Looking to extend the human healthspan, BioAge raised $90 million in an oversubscribed Series C. The company is at the forefront of understanding the biological drivers of aging with its unique and cutting-edge systems biology platform. A supporting pipeline has medicines to target these key pathways to reverse or eradicate disease and extend the years of healthy life remaining. BioAge is on the cusp of taking pilot therapies BGE-117 and BGE-175 into clinical trials, targeting the first half of 2021. According to a press release, proceeds from the financing will be used to build and develop a diversified portfolio of therapies that increase healthspan and lifespan, augment BioAge’s artificial intelligence (AI)-driven approach to map the molecular pathways that impact human longevity, and further expand capabilities to test drug candidates in predictive models of human diseases of aging.
Remix Therapeutics
Laying down a new track for RNA processing, Remix launched with $81 million in financing. Funds will be used to support development of the REMaster technology platform and advance the company’s pipeline of RNA processing targeted therapeutics as well. “As we reach the limits of what is easily druggable with protein targeting therapies, reprogramming RNA processing represents an exciting new therapeutic opportunity. We believe we can precisely target the cellular complexes that process RNA to address the underlying drivers of disease, working upstream of protein expression,” said Pete Smith, Ph.D., co-founder, president and CSO of Remix Therapeutics and Atlas Venture Entrepreneur in Residence.
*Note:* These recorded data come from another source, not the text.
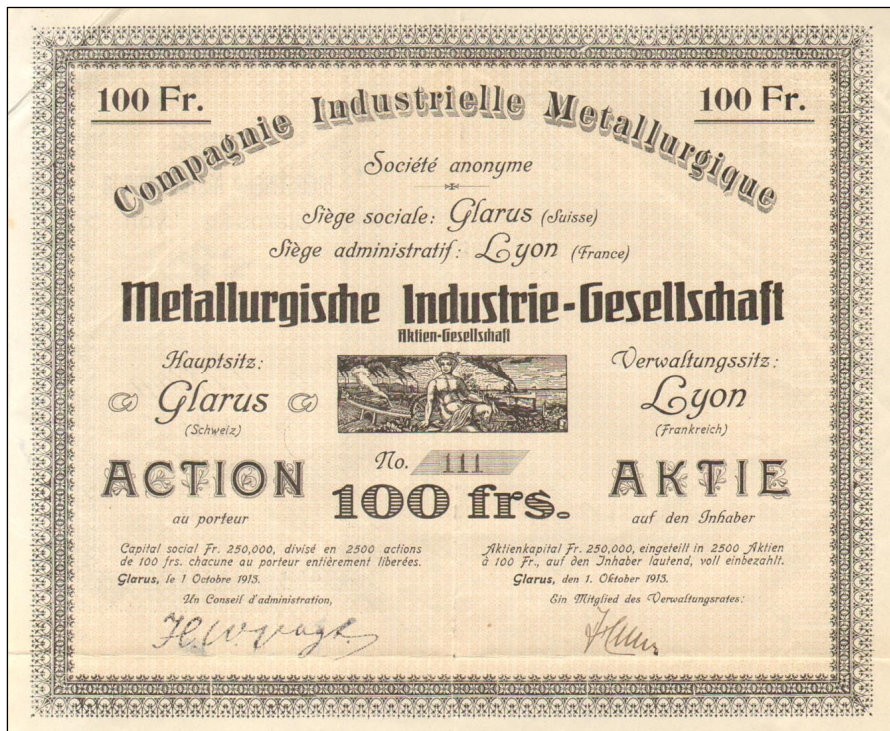
E6759 – Akcie firmy Compagnie Industrielle Metallurgique vydané v Glarusu 1. 10. 1913

Jak bylo již napsáno v úvodu tohoto článku, byly kdysi na Apeninském poloostrově desítky malých státek. Mnohé, byť v územně změněné podobě tu existují dodnes. Jedním z nich je i Vatikán. Jeho celá historie by vydala na knihu, ale zaměříme se na stát, který byl jeho přímým předchůdcem. Oficiální název byl Státo Pontifici čili Papežský stát, přitom je zajímavostí, že na dluhopisu je text i francouzsky, německy a také anglicky. V těchto jazycích jde však o „Římský stát“.
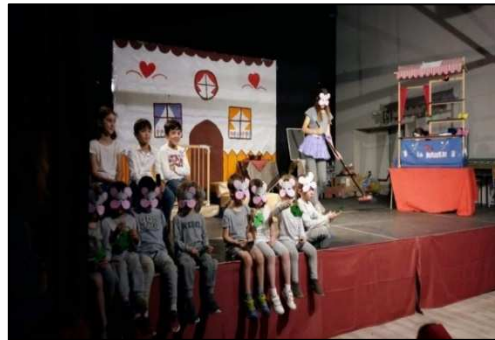
La souris vaniteuse
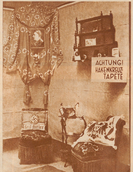
Kampf dem nationalen Kitsch. Unter dem Stichwort «Weg mit dem nationalen Kitsch» veranstaltete der Kampf Bund für deutsche Kultur vom 16.-30. Juni in Köln eine Ausstellung. Die Schau hatte den Zweck, die Regierung in ihrem Kampfe gegen den Mißbrauch der nationalen Symbole zu unterstützen. Unser Bild zeigt eine Sammlung typischer verkitschter Gegenstände, denen nun der Kampf angesagt ist
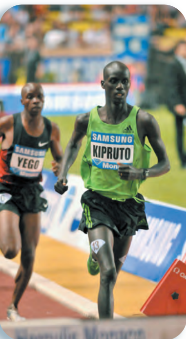
Kipruto vainqueur du 3000 steeple
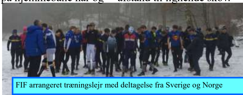
FIF arrangeret træningslejr med deltagelse fra Sverige og Norge

keborg det sidste år. Selve skovene hvor mesterskabet skal løbes i, har i flere år været spærret for træning og fordelten er alene den korte afstand til lignende skov.
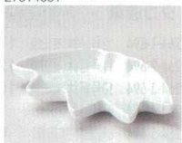
263-10-694 晴(竹)豆皿(有田焼) 860円 7.5×12×2cm 5入 26310694

Pear picked a sweet deal this week with an $80 million series D backed by Temasek, 5am Ventures, Novartis and quite a few more. Combining biology and technology, the company specializes in Prescription Digital Therapeutics (PDTs), a new therapeutic class that treats serious disease alone or with drugs using software. Pear’s reSET, reSET-O and Somryst are the first PDTs to receive FDA approval for treating disease. The products are used to treat substance use disorder, opioid use disorders and chronic insomnia, respectively. Series D funds will be used to accelerate reimbursement coverage for its three commercial products.
Noema Pharma
Co-founded by the former VP of neuroscience for Roche, Noema Pharma raised $59 million in a Series A round. With an intent to develop treatment for rare neurological disease where existing therapies have not shown much success, the company has licensed four clinical stage assets from Roche. The Roche-assets are aimed at seizures in tuberous sclerosis complex (TSC), trigeminal neuralgia, Tourette syndrome and other rare neurological disorders. Already having been in clinical studies at Roche, all four candidates have strong clinical and preclinical safety packages. This should allow Noema to quickly pursue a series of clinical programs in orphan central nervous system (CNS) indications.